EXTRACTED RECORDS
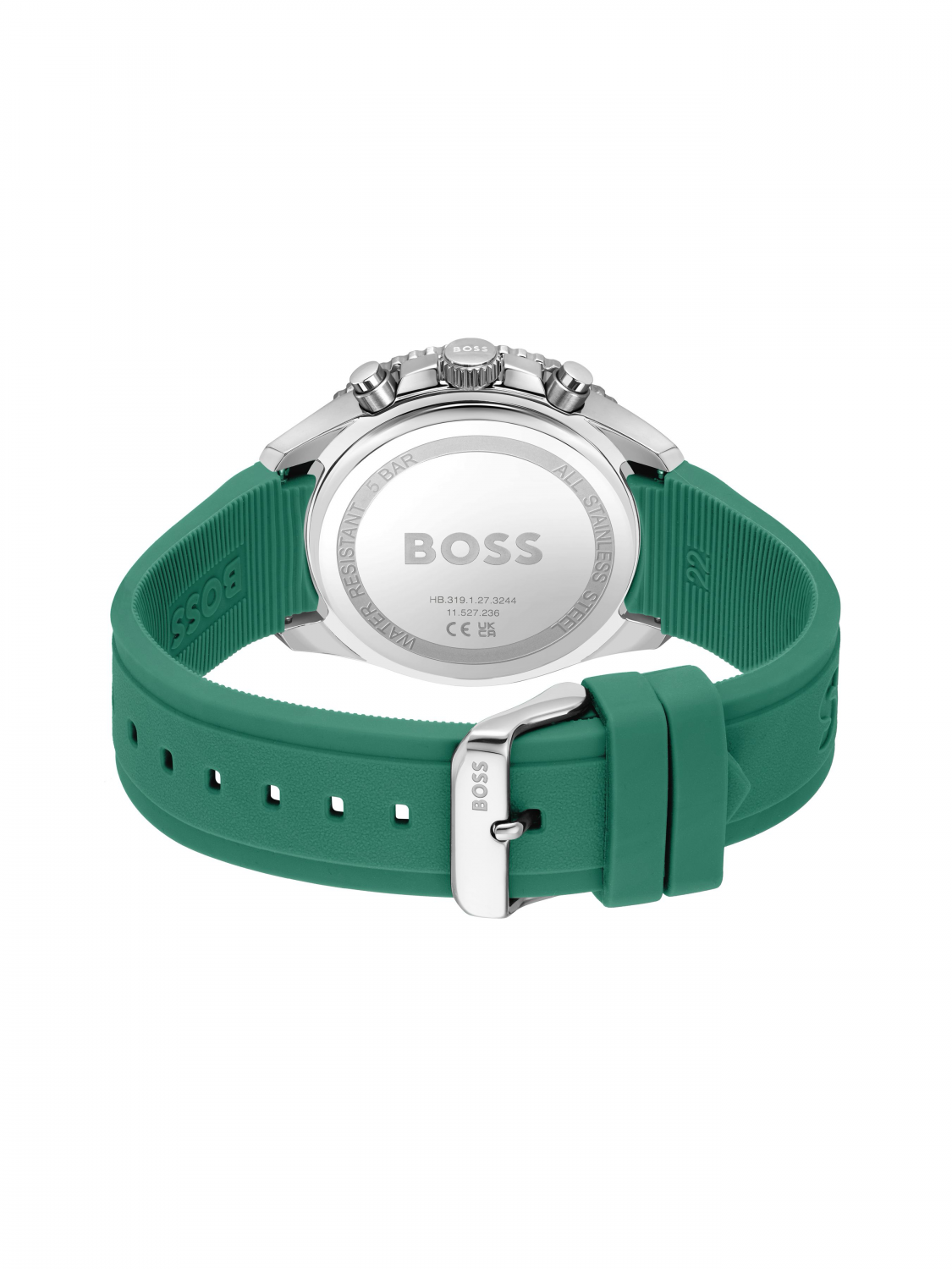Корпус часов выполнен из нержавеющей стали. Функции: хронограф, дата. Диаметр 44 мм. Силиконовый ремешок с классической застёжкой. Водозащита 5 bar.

==

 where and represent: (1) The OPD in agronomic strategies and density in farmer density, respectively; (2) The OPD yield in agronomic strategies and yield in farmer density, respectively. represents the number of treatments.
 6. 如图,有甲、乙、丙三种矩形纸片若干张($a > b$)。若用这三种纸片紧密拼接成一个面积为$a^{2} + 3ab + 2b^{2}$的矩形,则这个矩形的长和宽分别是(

WORK INSTRUCTIONS
Send back exactly the lines of the listing above starting at the one with "where and represent: (1)" and ending at the one with "6. 如图,有甲、乙、丙三种矩形纸片若干张($a >", inclusive, and no others.

PROBLEM SOLUTION
 where and represent: (1) The OPD in agronomic strategies and density in farmer density, respectively; (2) The OPD yield in agronomic strategies and yield in farmer density, respectively. represents the number of treatments.
 6. 如图,有甲、乙、丙三种矩形纸片若干张($a > b$)。若用这三种纸片紧密拼接成一个面积为$a^{2} + 3ab + 2b^{2}$的矩形,则这个矩形的长和宽分别是(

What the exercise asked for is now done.